Savaş sırasında Kubbe'de bulunan ve savaş alanını kristal küresinden seyreden Jaerran, Beyaz Düzlük'te yaşanan felaketi ve yaklaşmakta olan kuşatmayı gördüğünde çılgına döndü. Jaerran çok güçlü bir büyü kullanıcısıydı ve savaşın gidişatını tersine döndürmek için ne gerekiyorsa yapmaya kararlıydı. Böylece cehennemin efendileri ile, daha önce eşi benzeri yapılmamış derin bir pazarlığa oturdu. Asuan'ın güçleri şehrin surlarını dövmeye başladığında, o Kubbe'deki özel salonunda büyük bir ritüel gerçekleştiriyordu. Sonunda korkunç antlaşma yapıldı. Buna göre öte alemlerin kapıları Asuan ordularının üzerine açılacak; Escova'nın etrafındaki kuşatma çemberi cehennemin güçleri tarafından dağıtılacaktı. Bunun karşılığında da cehennem lordu Restahxa, Meclis'teki koltuklardan birinin sahibi ve Meclis'in asil üyelerinden birisi olacaktı. Canı istediği zaman kendi düzleminden çıkıp gelerek insan formunda Escova'da bulunabilecek ve tıpkı diğer Meclis üyeleri gibi, şehrin yönetiminde söz sahibi olacaktı. Antlaşma sağlandığında cehennemin güçleri harekete geçtiler. Asuan'ın kuşatma birlikleri, bir gün bile sürmeyen korkunç bir saldırnın sonucunda son adama kadar paramparça edildi.



Restahxa Dönemi
Escova halkı savaşta verilen kayıpların ardından çok zor şartlarla karşı karşıya kaldı. Ekonomik sıkıntılar, kıtlıklar ve Meclis'in hareketlerini dikkatle izleyen yeni düşmanlar kapıda bekliyordu. Sokaklarda savaş karşıtı ve Meclis'i istifaya davet eden protestolar ardı ardına patlak veriyor, halk bütün bunların hesabını sormak için yerel mekânlarda, caddelerde ve meydanlarda örgütlenmeye başlıyordu. Escova'nın içine düştüğü bu zor durumu hiç umursamayan cehennem lordu Restahxa, ortalığın sakinleşmesini beklemeden Kubbe'de göründü, ve yönetici konseyin altıncı kişisi olarak Meclis'e girdi. Geldiğinde, bir iblisten çok bir insana benziyordu.

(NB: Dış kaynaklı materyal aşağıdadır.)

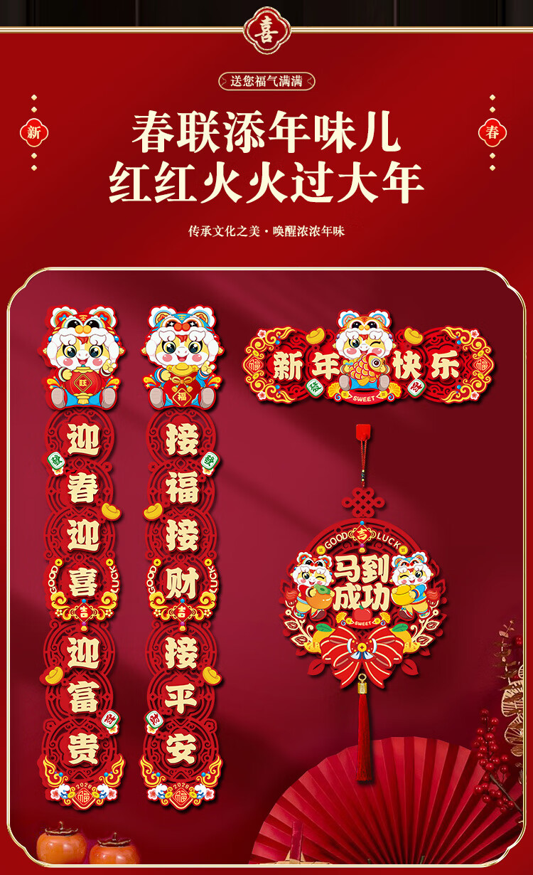 【88件】磁吸对联冰箱贴磁吸车贴福字门贴入户门新年装饰春节对联 醒狮磁吸对联88件套【1套】 无规格

Restahxa Meclis'te o ana kadar bulunmuş olan en güçlü ve zeki varlıktı. Yüreklere korku salan bir dış görünüşe, aynı oranda korkunç olan bir kurnazlığa ve konuşma yeteneğine sahipti. Meclis’in diğer üyeleri ondan korkuyor, onu ısrarla görmezden geliyor ve uzak durmaya çalışıyorken, cehennem lordu her şeyi dinliyor, ısrarla sokuluyor, bütün konuşmalara dahil oluyor ve Escova şehri üzerinde diğerlerini rahatsız etmeye yetecek kadar sahiplik iddia ediyordu. Konuşmaları esnasında diğerlerini zekasıyla alt etmeye ve onların fikirlerini çürütmeye bayılıyor, saman altından su yürüterek insanları kendi emelleri doğrultusunda güdümlüyordu. Bu kabiliyetini kullanarak oynadığı ilk (ve belki de en büyük) oyun yalnızca birkaç hafta sürmüş ve başarıya ulaşmıştı. Restahxa, Gökfelaketi Savaşı sırasında kendisiyle pazarlığa oturmuş olan Meclis başbüyücüsü Jaerran'ın kuyusunu o kadar hızlı bir biçimde kazmıştı ki, talihsiz büyücü ne olup bittiğini anlayamadan Escova halkının gözleri önünde infaz edilmişti. Restahxa'nın bu hareketinin tek sebebi, Jaerran'ın pazarlık sırasında takındığı cimri tutumu ve her daim üzerinde taşıdığı kendini beğenmişliği saygısızlık olarak görmesindendi. Büyücünün infazını halka açık bir yerde yaptırarak da Meclis adına Escova sakinlerinden özür dilemiş oluyordu. Restahxa yıllar geçtikçe politika denen bu küçük, insana özgü oyunları sevmeye başlayacak ve kısa süre içerisinde Karea bölgesinin en tehlikeli karakterlerinden birisi haline gelecekti.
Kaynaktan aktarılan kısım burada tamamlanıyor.